FRANKFURT (Reuters) – The European Central Bank kept its policy unchanged as expected on Wednesday, maintaining interest rates at record lows and keeping its guidance for steady interest rates this year despite a sharp slowdown in economic growth.
With the economy and inflation both slowing, the ECB has already backtracked on its plans to tighten policy this year, unveiling instead even more stimulus to prop up an export-focused economy now struggling amid a global slowdown in trade.
But having unveiled fresh measures just last month, the ECB can afford to wait before contemplating any further steps, keeping its last remaining policy powder dry in case the growth downturn becomes more severe than now feared.
“The Governing Council now expects the key ECB interest rates to remain at their present levels at least through the end of 2019, and in any case for as long as necessary,” the ECB said in a statement, reaffirming its interest rate guidance.
While this policy is out of sync with market expectations, which put the first hike in 2021, policymakers have dismissed the significance of the disconnect, arguing that economic conditions would impact the eventual move and market prices simply reflect the changing outlook.
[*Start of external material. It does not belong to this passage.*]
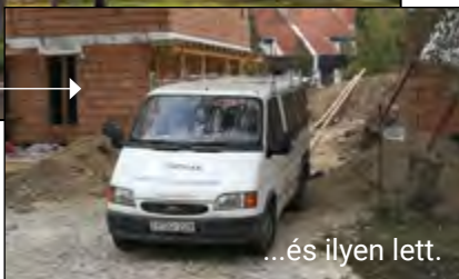
...és ilyen lett.

A településrendezési eszközök felülvizsgálata tavasszal elindult. A felülvizsgálat Budakalász teljes közigazgatási területére kiterjed és végső célja a Helyi Építési Szabályzat (HÉSZ) módosítása. Amíg ez elkészül – de legfeljebb három évig – változtatási tilalom rendelhető el. A változtatási tilalom alá eső területen főszabályként telket alakítani, új építményt létesíteni, meglévő építményt átalakítani, bővíteni, továbbá elbontani, illetőleg más, építésügyi hatósági engedélyhez nem kötött értéknövelő változtatást végrehajtani nem szabad.

Attention now turns to ECB President Mario Draghi’s 1230 GMT news conference, at which he is likely to say that risks to growth remain on the downside and the bank remains ready to act with all available instruments.
Investors will also look to see if Draghi elaborates on his recent comments that the ECB would study whether negative rates are starting to have unintended side effects.
With Wednesday’s decision, the ECB’s rate on bank overnight deposits, which is currently its primary interest rate tool, remains at -0.40 percent.
The main refinancing rate, which determines the cost of credit in the economy, remained unchanged at 0.00 percent while the rate on the marginal lending facility — the emergency overnight borrowing rate for banks — remains at 0.25 percent.